» Problem description
Every line from the start of the records through the line with "Never answer a" is to be written out exactly; pictures are not.

» Input data
----------

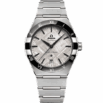 Le sublime cadran est composé d'un véritable fragment de météorite ferreuse qui a reçu un traitement galvanisé gris rhodium. Le motif naturel de la météorite est propre à chaque modèle, il n'y a donc jamais deux cadrans identiques. Un guichet de date à 6 heures ainsi que des aiguilles, des index et une étoile Constellation en PVD noir ornent également le cadran.
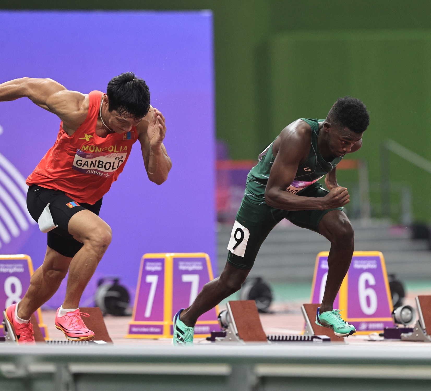 وبعد نحو 25 دقيقة، من انطلاقة نهائي القفز بالعصا، يشارك العداءان عبدالله أبكر وناصر محمود، في نصف نهائي سباق 100م، في تمام السابعة والنصف مساءً.
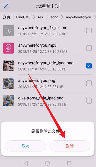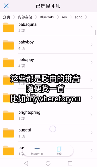 6、前往Blue/res/song,并在其中随便选中一个歌曲。
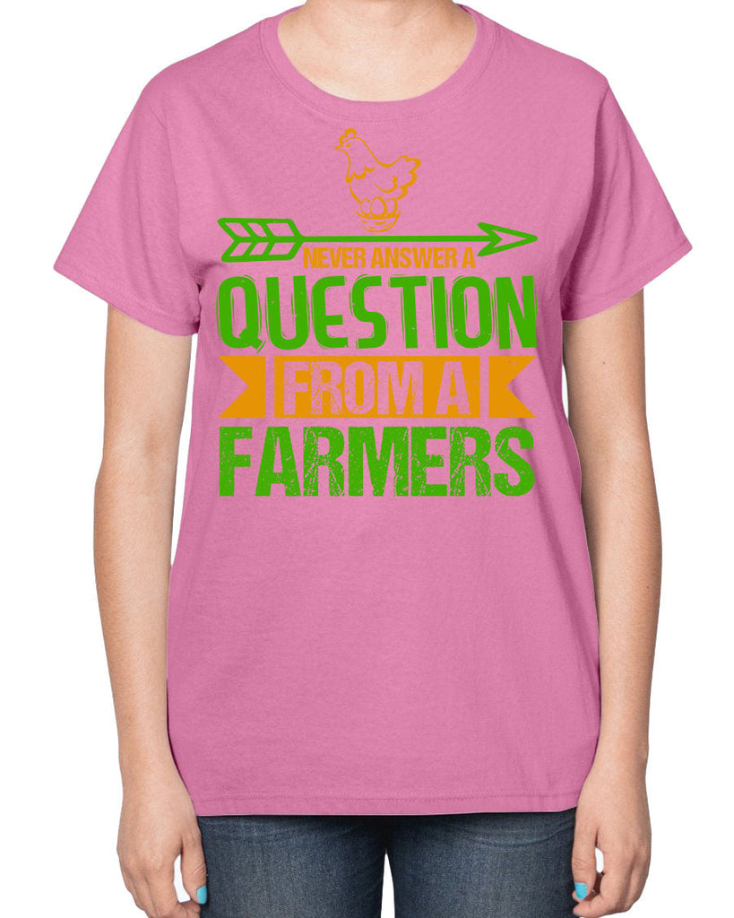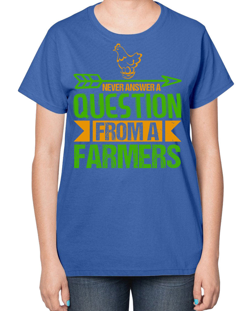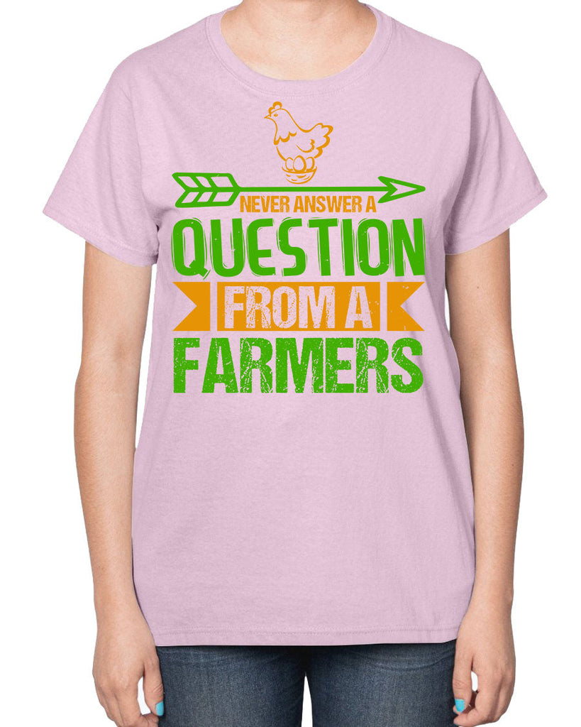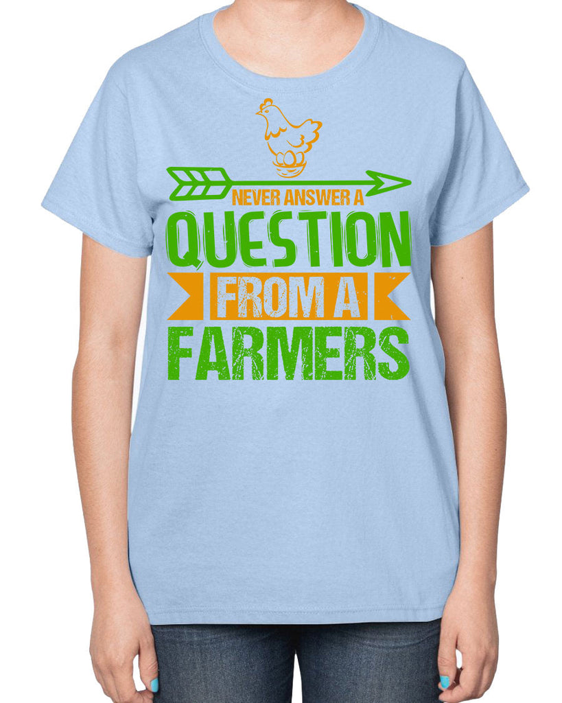 Never answer a question from a farmers - Farm & Garden- Ladies T-Shirt
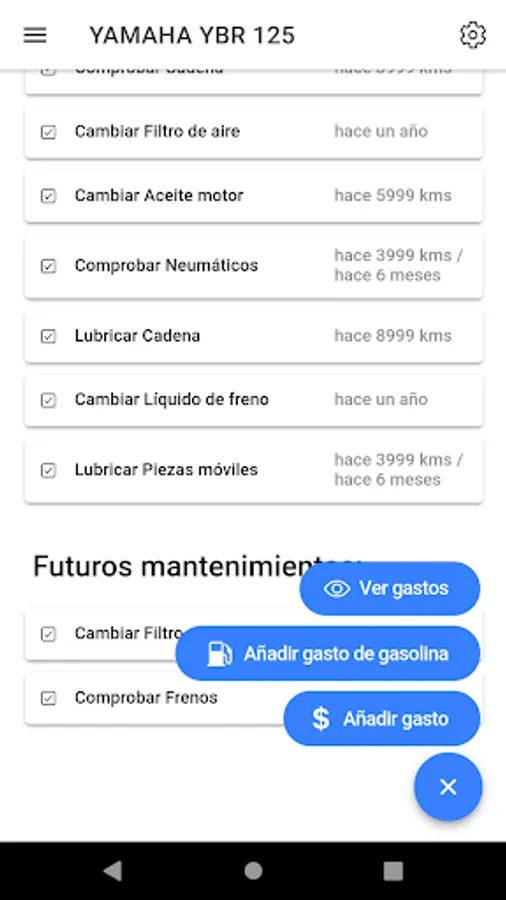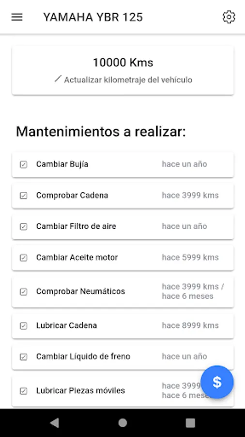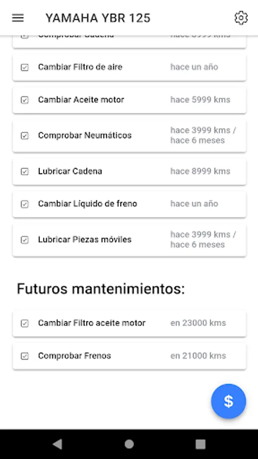 When you add one of your vehicles, Motorapp will automatically create all the maintenance and repairs that you must perform on your car. Indicating every few kilometers or how often they must be done. These maintenance and repairs are generated automatically by an average of vehicles similar to the characteristics of your vehicle, extracted from their respective vehicle owner's manuals and automobile repair manual.

----------

» Solution for this problem
 Le sublime cadran est composé d'un véritable fragment de météorite ferreuse qui a reçu un traitement galvanisé gris rhodium. Le motif naturel de la météorite est propre à chaque modèle, il n'y a donc jamais deux cadrans identiques. Un guichet de date à 6 heures ainsi que des aiguilles, des index et une étoile Constellation en PVD noir ornent également le cadran.
 وبعد نحو 25 دقيقة، من انطلاقة نهائي القفز بالعصا، يشارك العداءان عبدالله أبكر وناصر محمود، في نصف نهائي سباق 100م، في تمام السابعة والنصف مساءً.
 6、前往Blue/res/song,并在其中随便选中一个歌曲。
 Never answer a question from a farmers - Farm & Garden- Ladies T-Shirt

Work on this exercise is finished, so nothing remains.